A lesser long-nosed bat (Leptonycteris curasoae) feeding on an agave blossom in Arizona, spreading the flower’s pollen in the process. Rolf Nussbaumer/imageBROKER
Counties in all U.S. states tax agricultural land based on its “use value” – in other words, based on how profitable the land is in agriculture. Without healthy bat populations, lower profits shrink the tax base, leaving county governments with less revenue.
Those governments must respond by reducing services, raising taxes or increasing how much money they borrow – often at a greater cost of borrowing. The effect is especially pronounced in rural counties, where agriculture makes up a large share of property tax revenue.
Our recent research finds that rural county governments lost almost $150 per person in annual revenue after the arrival of white-nose syndrome. For an average-size rural county, that is nearly $2.7 million in lost revenue each year.
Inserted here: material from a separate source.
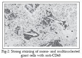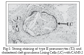 19 Currently there are no available data on cytokine elaboration by pulmonary cholesterol cleft granulomas.This immuno histochemical study confirmed that the intra-alveolar cell populations in NSIP were composed predominantly of CD68 positive cells. It showed that the giant cells were also CD68 positive, but were cytokeratin negative. In contrast, the cells lining the alveolar spaces containing granulomas were cytokeratin positive (AE1/AE3 and CAM5.2), indicating that these were type II pneumocytes and showing that these cells had completely replaced type I cells at these loci. In addition, it is known that macrophages and macrophage polykaryons have distinctive glycoprofiles and that pneumocytes types I and II can be distinguished by their profiles.
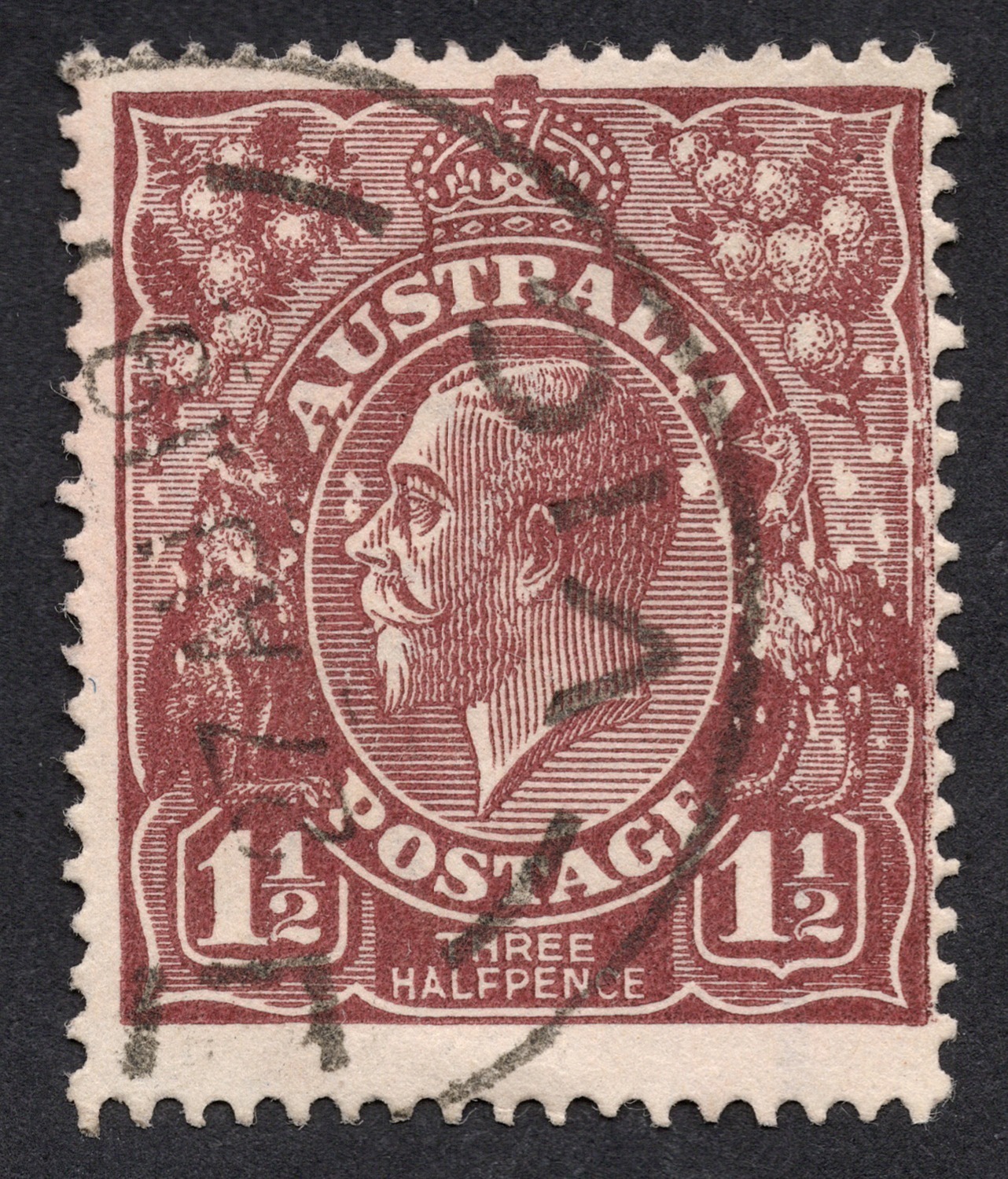 1½d Green, perforated OS, Electro 12 variety "Cracked Electro through leg of Kangaroo" (early state)

How losing bats can hit the bond markets
The loss of county revenue makes municipal bond investors nervous. Buying a municipal bond is a bit like lending money to the county, and the interest rate is what the county pays you for taking on that risk.
When bats disappear, the risk goes up, and the county has to pay about 11.47 hundredths of a percentage point more in interest. That may sound small, but it is 27% larger than the typical risk premium investors already demand from county governments.
The higher interest rate raises borrowing costs for county governments. For example, the borrowing costs on a typical 15-year, $1 million bond would increase by more than $33,000.
Bats snuggle up in a cave. Liz Hamrick/TVA
Higher yields also mean lower bond prices for investors, including retirement funds. For example, our research suggests that investors would discount a $1 million bond issued by a rural county by nearly $14,000 if that county’s bats have become infected by white-nose syndrome.
Economic benefits of saving bats
The good news is that the benefits from healthy bat populations create opportunities to make money from bat conservation.
Farmers can increase their incomes. Local governments can recover property tax revenue to fund public services, such as road maintenance, health infrastructure and public schools. Bond investors can earn financial returns from healthier bat populations.
No silver bullet exists for protecting or restoring bat populations affected by white-nose syndrome, but promising efforts are underway.
A fungal vaccine is being tested by the U.S. Geological Survey and partners. Designing artificial roosts and adding cave protections can also help preserve healthy bat populations. Researchers are also working to better understand bat resistance to the disease to explore whether improving resistance alone can stabilize bat populations.
As these solutions develop, opportunities will emerge for farmers, local governments and investors to earn financial returns through bat conservation. In other words, saving bats isn’t just good ecology – it’s good economics.